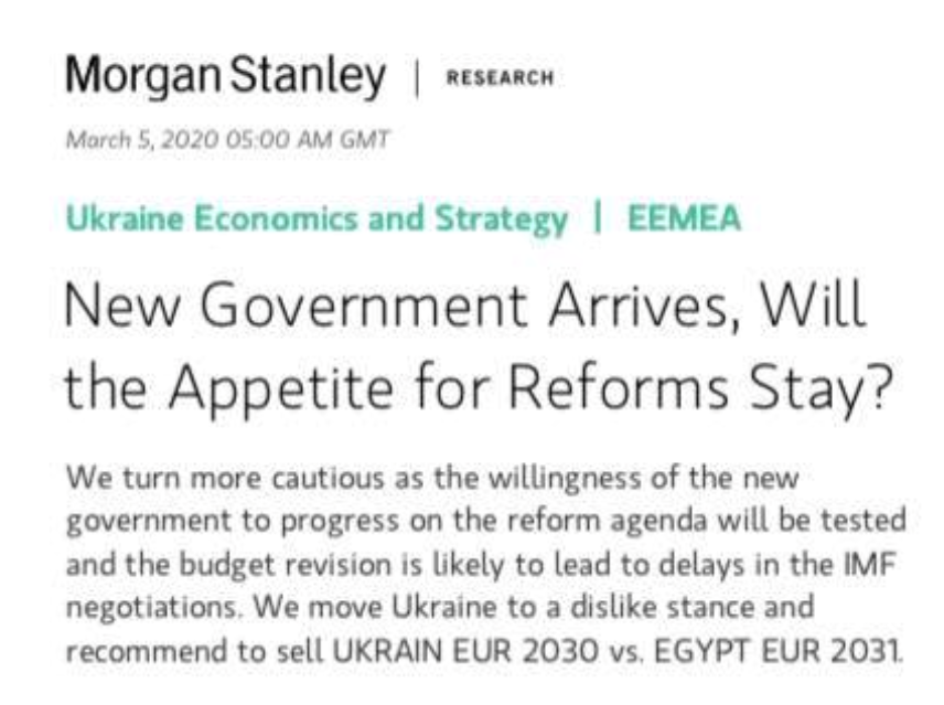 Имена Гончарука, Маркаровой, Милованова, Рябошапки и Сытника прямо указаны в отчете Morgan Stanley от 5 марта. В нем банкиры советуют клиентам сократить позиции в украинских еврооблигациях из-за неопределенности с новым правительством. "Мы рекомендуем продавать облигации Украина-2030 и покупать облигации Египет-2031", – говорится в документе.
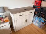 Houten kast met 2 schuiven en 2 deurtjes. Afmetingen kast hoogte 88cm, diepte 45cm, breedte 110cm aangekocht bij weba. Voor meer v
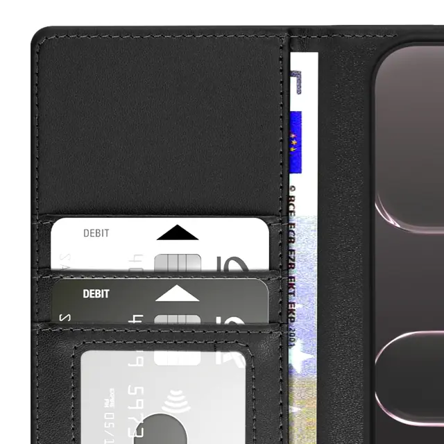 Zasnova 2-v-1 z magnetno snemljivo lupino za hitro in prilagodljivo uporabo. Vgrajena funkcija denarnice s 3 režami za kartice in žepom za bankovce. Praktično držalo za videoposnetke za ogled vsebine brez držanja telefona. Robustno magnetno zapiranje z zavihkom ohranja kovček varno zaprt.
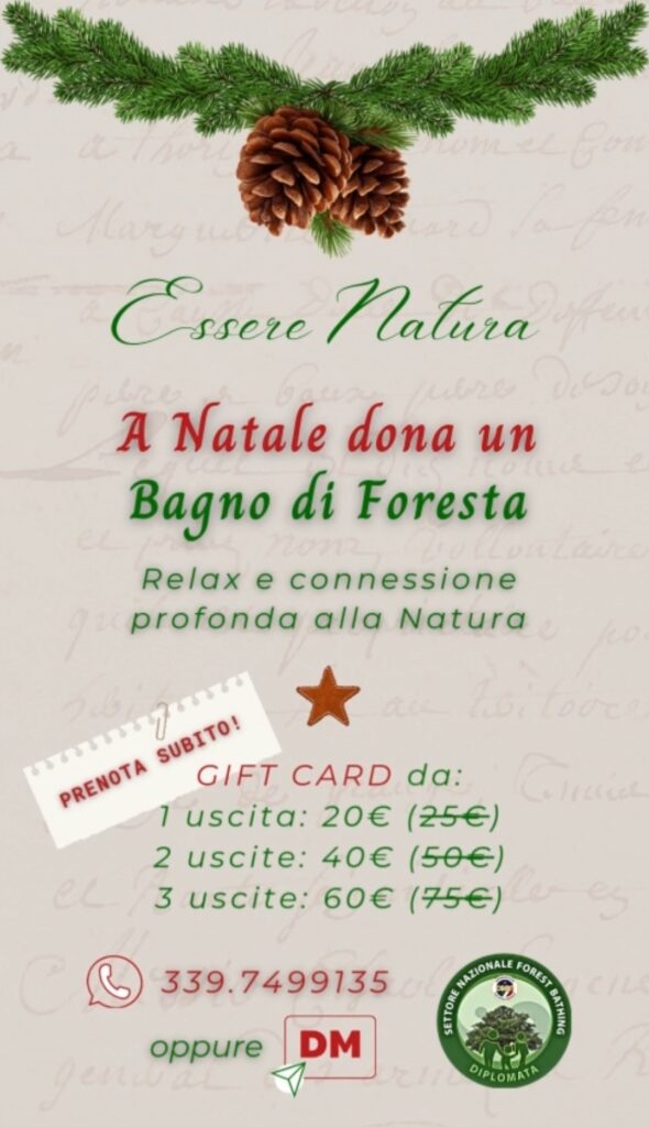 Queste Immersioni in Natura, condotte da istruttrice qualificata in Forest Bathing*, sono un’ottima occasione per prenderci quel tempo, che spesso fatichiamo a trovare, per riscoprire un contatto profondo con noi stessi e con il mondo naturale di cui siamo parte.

+-------+

- _Task goal_
All that the answer may contain is the exact text of the lines from the one with "Houten kast met" through the last line of the material, pictures excluded.

- _Exercise output_
 Houten kast met 2 schuiven en 2 deurtjes. Afmetingen kast hoogte 88cm, diepte 45cm, breedte 110cm aangekocht bij weba. Voor meer v
 Zasnova 2-v-1 z magnetno snemljivo lupino za hitro in prilagodljivo uporabo. Vgrajena funkcija denarnice s 3 režami za kartice in žepom za bankovce. Praktično držalo za videoposnetke za ogled vsebine brez držanja telefona. Robustno magnetno zapiranje z zavihkom ohranja kovček varno zaprt.
 Queste Immersioni in Natura, condotte da istruttrice qualificata in Forest Bathing*, sono un’ottima occasione per prenderci quel tempo, che spesso fatichiamo a trovare, per riscoprire un contatto profondo con noi stessi e con il mondo naturale di cui siamo parte.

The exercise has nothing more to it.